Re: Advice/Compost
- To: perennials@mallorn.com
- Subject: Re: Advice/Compost
- From: M* T* <m*@ecsu.campus.mci.net>
- Date: Wed, 26 Aug 1998 13:12:04 -0400
>Date: Wed, 26 Aug 1998 08:44:49 +0000
>From: Lynn Lamb <silverhands@mindspring.com>
>Subject: Re: Advice/blackberry lily
>
>Hi All,
> I am new to this list and new to perennial gardening and have lots to
>learn. I have just had two blackberry lilies (belamcanda) rot at the base
>and die only days after planting. The obvious answer is that the bed is
>too wet, but all the other plants are doing well, as far as I can tell. I
>am worried about putting other bulbs in there now. The bed is somewhat
>raised and we prepared it with pine bark mulch, manure, bonemeal,
>superphosphate, and lime tilled in and then put mulch on top.
> Also, have any of you planted in a raised bed made up just of compost?
>I saw an article in *Fine Gardening* that someone did that.
>
>Thanks,
>Lynn Lamb
>Zone7/8, North Carolina
Hi Lynn,
Welcome to the list. And Thank You! for adding your zone info and a
general geographic area.
I've never tried blackberry lilies, but I think your bed might be a bit
too rich for them. Many bulbs do best with some dryness in mid summer. A
lot of them seem to like dirt a bit on the lean side.
OTOH, if it rotted within 2 days, it may have been in trouble when you
bought it. Did you try taking it back, or at least asking the nursery about
optimum growing conditions?
As for raised bed of compost, YES! I highly recommend them! We started
with berms 18 inches high and 9-14 feet deep. They were made of mostly
finished municipal compost (free in our area) and looked great. The compost
was at the 'white thread' stage, to give you an idea. I planted dwarf fruit
trees, some perennials, some Pampas grass, and various buddileas, vines, etc.

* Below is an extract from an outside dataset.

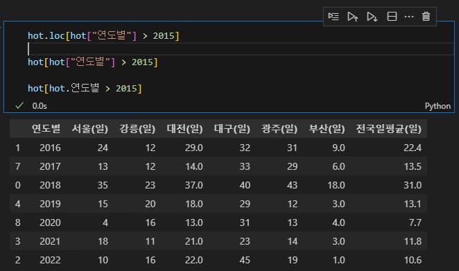 hot_wave.xlsx 데이터 중 폭염 측정년도가 2015년 이후인 데이터만 출력하기

I was concerned about the compost not being finished enough. The fruit
trees were bareroot, so I added bagged topsoil right around the roots, 2-3
bags per plant, to at least start them in dirt, then let the roots wander
into the compost. The roots were 2-3 feet long when we recieved the plants.
Since the compost was so easy to work, I just scooped out 6 inch deep
trenches with my fingers for each large root, put down a little dirt, then
the root and then a little more dirt. Then cover with more compost. There
was only maybe 2-3 inches of dirt surrounding each root, the rest was all
compost.
Most of the other plants had a 1 to 3 gallon rootball. I always massage
the roots when I plant anything. I added maybe an inch of bagged dirt under
and around the roughened rootball, but that was all.

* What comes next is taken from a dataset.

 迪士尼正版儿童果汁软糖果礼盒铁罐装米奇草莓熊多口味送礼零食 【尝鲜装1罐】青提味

After 5 years, the compost has fully decomposed and is now only 4-6 inches
high. The plants have all done wonderful, usually much better than their
counterparts in other peoples yards without compost. I generally do nothing
for them, no suplemental fertilizing, seldom water, only occational
deadheading.
The only drawbacks is for the trees and taller shrubs. Since the trees
were bareroot, and the 'soil' they were in has been 'melting away' for the
past 5 years, they are real floppy right at the roots. You could knock the
whole 9 foot tree over, and pulling it up by the base of the trunk wouldn't
take too much effort, and would probably still keep a good 2-3 feet of
roots attached. Needless to say, all the dwarf fruit trees are well staked.
Oh yeah, since this was generally a one time thing, I'm kind of cheap
about my dirt when I divide perennials for friends. The plants are close to
bareroot when I give them away. "You can have my plants, but not my dirt!" :-)
It's a little crass, but since it took 137 trips in a Dodge Raider to get
the compost, I figure I'm entitled to keep my dirt. ;-)
Something else to consider is that there is 'good' municipal compost and
'bad' municipal compost. Our municiple compost is made up of everything
from fall leaves and grass clippings to chipped tree limbs *and* whatever
green stuff some people throw out, including nutgrass/other weeds from
their flower beds and diseased veggie plants.
It took a while to get rid of the nutgrass seeds I imported with the
compost. And I'm not sure if it would cause problems with large veggie
gardens. I only grow a few token tomatos and peppers each year (in the same
spot every year).
In spite of a few potential drawbacks, I would do it all over again, and
highly recommend it to other people.
Matt Trahan <matttrahan@ecsu.campus.mci.net> or <garden@juno.com>
USDA zone 8, AHS heat zone 7, Sunset zone 31, northeastern N.C.